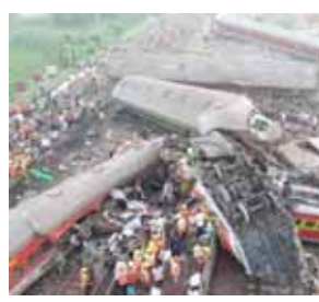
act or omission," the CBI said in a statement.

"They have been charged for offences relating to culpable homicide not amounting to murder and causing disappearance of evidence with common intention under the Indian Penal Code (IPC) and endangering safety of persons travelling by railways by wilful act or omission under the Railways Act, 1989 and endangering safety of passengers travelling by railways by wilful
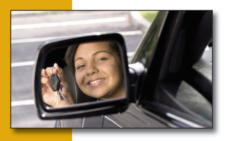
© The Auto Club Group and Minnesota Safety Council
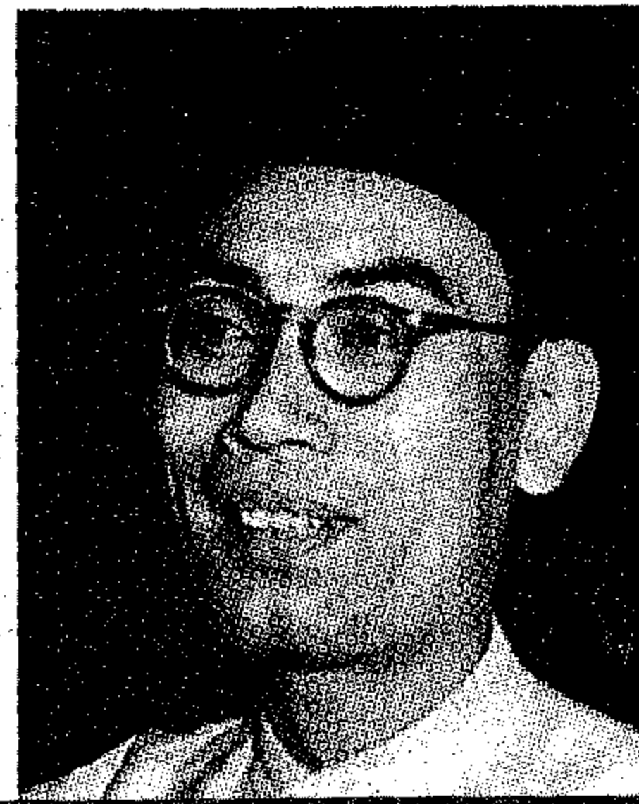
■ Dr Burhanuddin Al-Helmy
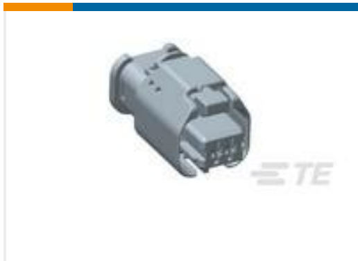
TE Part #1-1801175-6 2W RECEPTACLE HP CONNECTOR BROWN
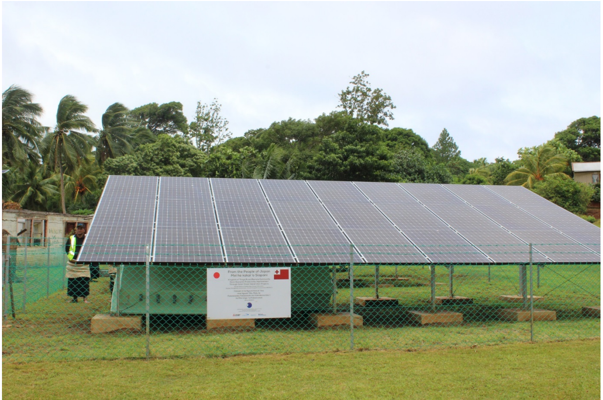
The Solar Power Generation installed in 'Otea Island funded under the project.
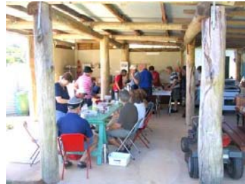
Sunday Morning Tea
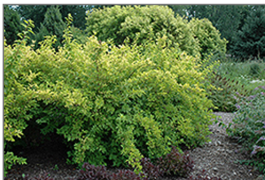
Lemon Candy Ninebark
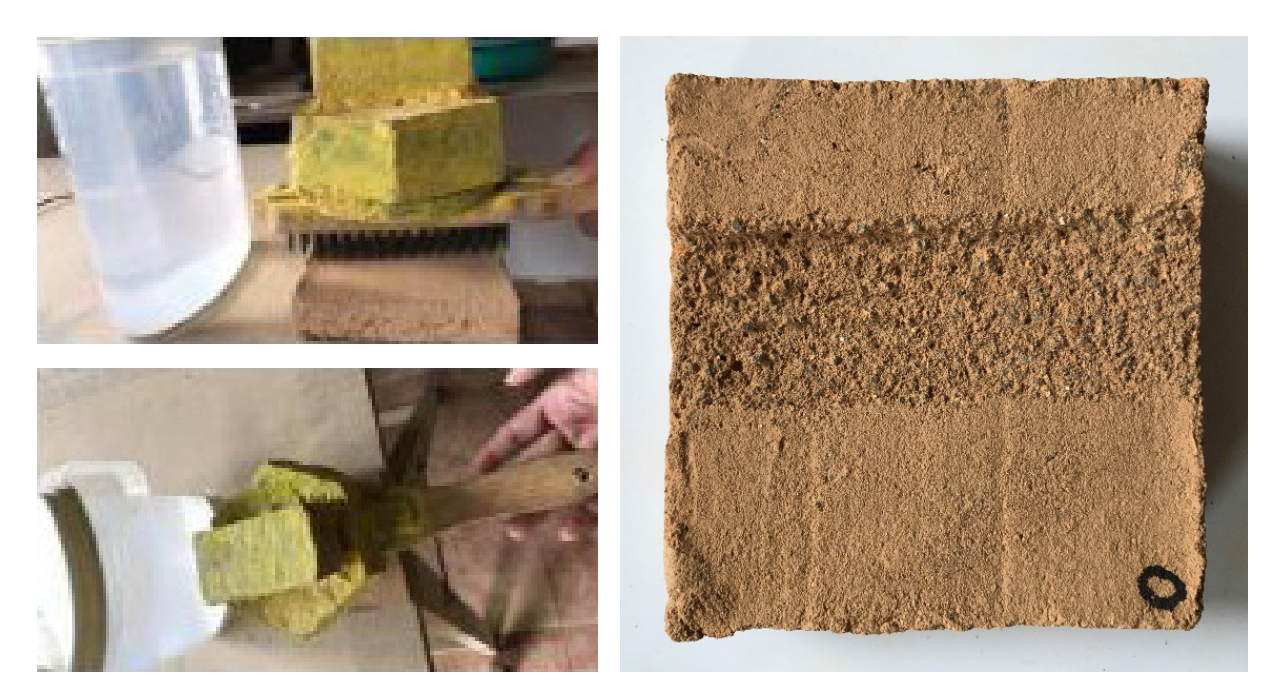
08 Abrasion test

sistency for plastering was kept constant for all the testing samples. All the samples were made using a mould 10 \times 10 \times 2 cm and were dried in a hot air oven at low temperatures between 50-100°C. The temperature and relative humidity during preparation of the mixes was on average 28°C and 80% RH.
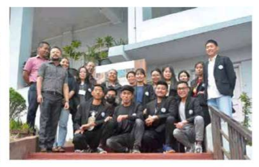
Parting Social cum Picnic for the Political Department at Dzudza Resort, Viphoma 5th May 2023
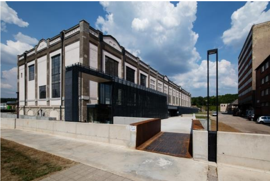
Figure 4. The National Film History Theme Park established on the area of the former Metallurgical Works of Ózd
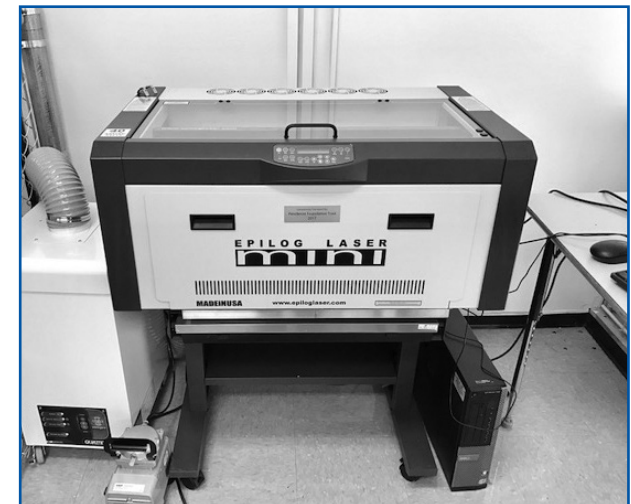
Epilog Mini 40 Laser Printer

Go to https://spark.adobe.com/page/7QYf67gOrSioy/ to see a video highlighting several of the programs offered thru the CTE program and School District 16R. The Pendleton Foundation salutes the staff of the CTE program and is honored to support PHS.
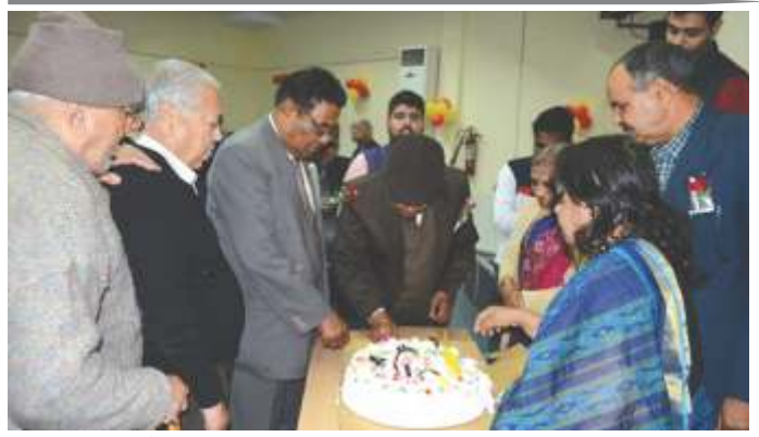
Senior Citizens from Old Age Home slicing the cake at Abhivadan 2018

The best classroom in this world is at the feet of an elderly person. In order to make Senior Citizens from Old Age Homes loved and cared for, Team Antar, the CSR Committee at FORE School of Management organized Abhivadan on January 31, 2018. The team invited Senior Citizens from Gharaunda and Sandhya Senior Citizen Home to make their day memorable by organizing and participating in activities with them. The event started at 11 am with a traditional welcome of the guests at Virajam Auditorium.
· · · · · · ·
Exercise aim:
Reproduce the lines above beginning at the line that contains "Epilog Mini 40 Laser Printer" and ending at the line that contains "Senior Citizens from Old Age Home slicing". No pictures.

Task solution:
Epilog Mini 40 Laser Printer

Go to https://spark.adobe.com/page/7QYf67gOrSioy/ to see a video highlighting several of the programs offered thru the CTE program and School District 16R. The Pendleton Foundation salutes the staff of the CTE program and is honored to support PHS.
Senior Citizens from Old Age Home slicing the cake at Abhivadan 2018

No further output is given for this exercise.